1932 novel by Ellery Queen

The Egyptian Cross Mystery (subtitled A Problem in Deduction) is a novel that was written in 1932 by Ellery Queen. It is the fifth of the Ellery Queen mysteries.

==Plot summary==

A schoolmaster in a tiny town in West Virginia is found on Christmas morning beheaded and crucified to a signpost in such a way that his body seems to form the letter "T". The letter "T" is scrawled in blood on the dead man's door. Ellery Queen is on the scene and notes that the letter "T" is also the shape of a "tau cross", or Egyptian cross; this seems to lead to a nearby bearded prophet whose invented religion mixes nudism and Egyptology.

The prophet's business manager is missing and suspected of the murder. Ellery cannot solve the crime with the little information he has, but six months later in Long Island, New York, a neighbour of one of his university professors is found headless and crucified to a totem pole in the same way, in the new neighbourhood of the Egyptian prophet and his followers. This corpse is clutching a red piece from a game of checkers.
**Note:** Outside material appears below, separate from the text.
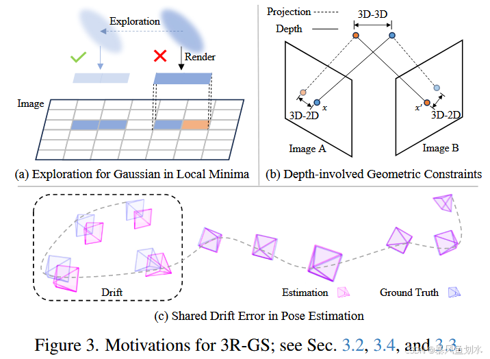 为了利用这些对应关系,常见的选择包括 3D-2D 投影损失和 3D-3D 损失,两者都依赖于深度,如图 3(b) 所示。 3D-3D 损失通过使用深度和相机参数将图像对中的对应点反向投影到 3D 空间来计算图像对中对应点之间的距离; 3D-2D 损失将这些 3D 点重新投影到图像平面上,以计算与其对应的 2D 距离。这些方法通常需要多个图像对来模拟全局捆绑调整,以确保梯度更加一致。然而,将这些优化目标集成到 3DGS 训练中会带来重大挑战,主要是因为 3DGS 采用透视深度排序进行渲染(RGB 和深度),并且需要数万次迭代进行训练。这种计算限制严重限制了每个步骤中可以处理的视图数量。合并额外的视图会大大增加训练时间和内存消耗到令人望而却步的水平。因此,在应用上述几何约束时,每个步骤只能考虑图像对的子集,从而阻止执行真正的全局目标并最终导致次优结果。
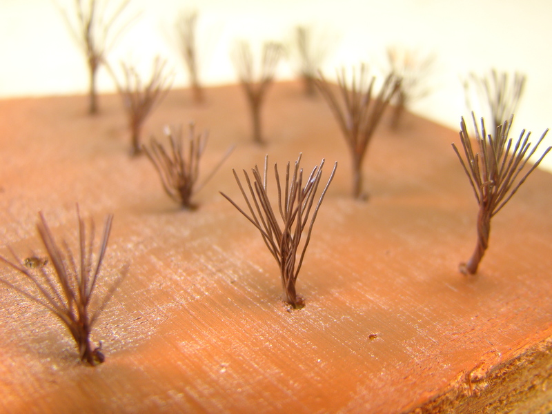 Z měděných drátů jsem vyrobil kostry pro rybíz nebo co by to mohlo být :) možná maliny..... , které jsem nastříkal hnědým sprejem.

The third victim is a millionaire yachtsman, similarly crucified.

Many events turn on the families of the victims and their interaction with the Egyptian nudists, the game of checkers and the smoking of unusually-carved pipes, but the key clue that leads Ellery to the solution is a bottle of iodine that enables him to go on a cross-country chase and hunt down the murderer.

==Literary significance and criticism==
(See Ellery Queen.) This novel was the fifth in a long series of novels featuring Ellery Queen, the first nine containing a nationality in the title.
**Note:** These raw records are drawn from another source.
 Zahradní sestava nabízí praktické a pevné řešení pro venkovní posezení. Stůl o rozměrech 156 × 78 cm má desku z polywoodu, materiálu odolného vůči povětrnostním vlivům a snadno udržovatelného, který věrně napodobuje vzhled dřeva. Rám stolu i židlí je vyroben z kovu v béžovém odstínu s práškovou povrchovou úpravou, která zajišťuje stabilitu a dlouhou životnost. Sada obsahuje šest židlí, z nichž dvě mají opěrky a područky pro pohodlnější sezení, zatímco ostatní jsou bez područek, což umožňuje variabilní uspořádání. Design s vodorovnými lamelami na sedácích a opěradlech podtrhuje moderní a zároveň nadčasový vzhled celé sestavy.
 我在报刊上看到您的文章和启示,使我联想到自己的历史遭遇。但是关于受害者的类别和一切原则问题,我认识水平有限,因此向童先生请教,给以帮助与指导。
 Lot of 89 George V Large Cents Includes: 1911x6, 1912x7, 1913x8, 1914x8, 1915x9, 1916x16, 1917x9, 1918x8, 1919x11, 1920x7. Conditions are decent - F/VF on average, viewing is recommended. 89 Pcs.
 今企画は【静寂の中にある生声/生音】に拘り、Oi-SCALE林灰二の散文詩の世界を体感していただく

The introduction to this novel contained a detail which is now not considered part of the Ellery Queen canon. The introduction is written as by the anonymous "J.J. McC.", a friend of the Queens. Other details of the lives of the fictional Queen family contained in earlier introductions have now disappeared and are never mentioned again; the introductory device of "J.J. McC." lasts only through the tenth novel, Halfway House, then vanishes (though J.J. appears onstage in Face to Face in 1967).

This novel is the first to feature Ellery Queen investigating a murder alone, outside New York City, and without the assistance of his father, Inspector Richard Queen of the Homicide Squad.

The novel, and the other "nationality" mysteries, had the unusual feature of a "Challenge to the Reader" just before the ending is revealed—the novel breaks the fourth wall and speaks directly to the reader. "It has been my custom to challenge the reader's wits at such point in my novels at which the reader is in possession of all facts necessary to a correct solution of the crime or crimes. The Egyptian Cross Mystery is no exception: by the exercise of strict logic and deductions from given data, you should now be able, not merely to guess, but to prove the identity of the culprit."